Question

part 1 of 4
(b) over what interval(s) does the depth decrease? write your answer in interval notation.
depth of the reaction - pond is decreasing on the interval(s) 6,9.
correct answer
depth of the reaction - pond is decreasing on the intervals (0,4),(6,9).
part 2 of 4
part 3 of 4
(c) estimate the times and values of any relative maxima or minima on the interval (0,10).
at t = and, the function has a relative minimum of and, respectively.

Explanation:

Step1: Analyze the problem context

We need to find relative extrema on the interval $(0,10)$. Usually, we look for points where the derivative of the function (if available) is zero or undefined, or we analyze the behavior of the function from its graph or given data. Since no function $f(x)$ is provided explicitly, we assume we have some information about its trend. Relative minima occur where the function changes from decreasing to increasing.
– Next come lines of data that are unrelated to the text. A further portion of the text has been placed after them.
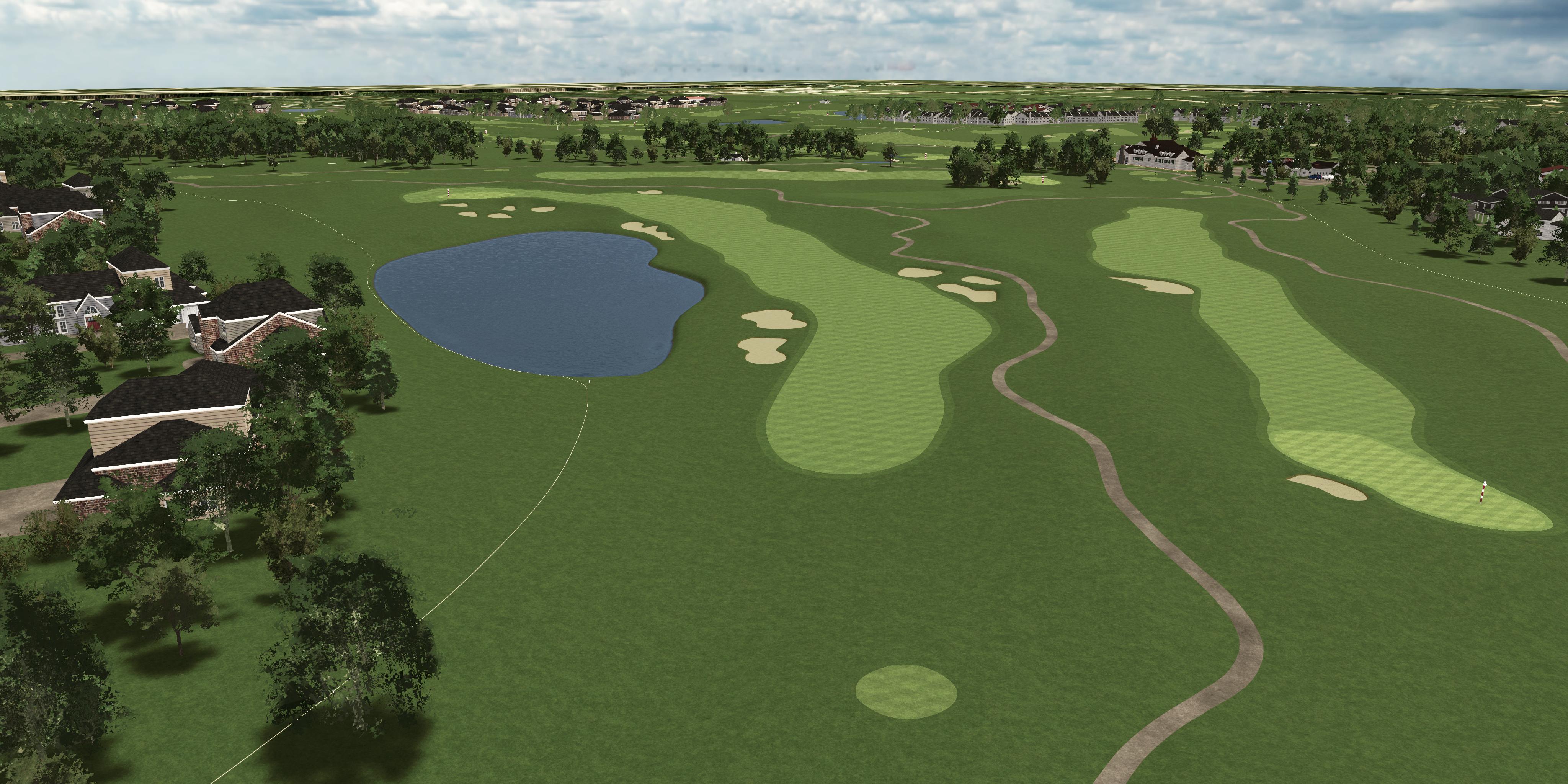 Golf course with a lake and greenery under a blue sky
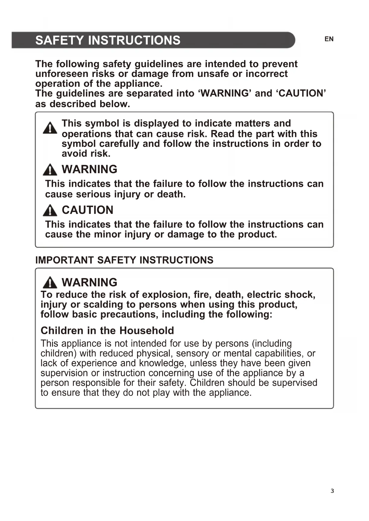 WARNING To reduce the risk of explosion, fire, death, electric shock, injury or scalding to persons when using this product, follow basic precautions, including the following: Children in the Household This appliance is not intended for use by persons (including children) with reduced physical, sensory or mental capabilities, or lack of experience and knowledge, unless they have been given supervision or instruction concerning use of the appliance by a person responsible for their safety. Children should be supervised to ensure that they do not play with the appliance.4
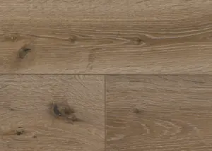 Der ter Hürne Avatara Grand Edition Eiche Lyra Designboden vereint hochwertige Materialien mit anspruchsvollem Design. Die authentische Holzoptik in dunklem Braun, akzentuiert durch eine markante Holzstruktur, verleiht jedem Raum ein warmes und wohnliches Ambiente im Stil einer Landhausdiele. Das Langdielenformat und die umlaufende V-Fuge sorgen für eine elegante und großzügige Optik.
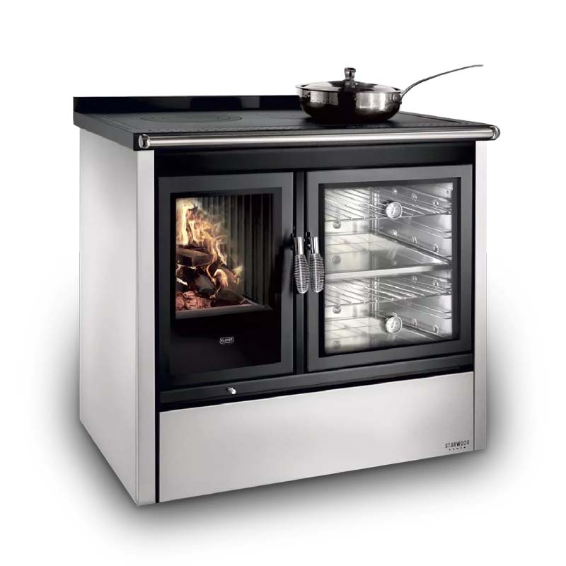 La cucina a legna Klover Star 90 Inox consente di cucinare pietanze su piastra e forno, riscaldare cucina e ambienti circostanti.

Step2: Consider the decreasing intervals

From part (a) we know the function is decreasing on $(0,4)$ and $(6,9)$. We need to find where it changes from decreasing to increasing. If we assume the function's general behavior based on typical scenarios, we might look at the endpoints of these decreasing intervals. But without more information about the function, we can't precisely calculate the $x -$ values and $y -$ values of the relative minima. However, if we assume a simple - case where the function changes behavior at the endpoints of the decreasing intervals and we have enough information about the function's continuity and smoothness, we might consider the points just after the end of the decreasing intervals.

Answer:

Since no function $f(x)$ is given, we can't provide specific numerical answers. If we had more information such as the function's formula or a detailed graph with values, we could calculate the $x$ - values (times) and $y$ - values (function values) of the relative minima. For example, if the function is continuous and has a simple behavior, we might consider the points just after the end of the decreasing intervals. But as it stands, the answer is indeterminate without further data.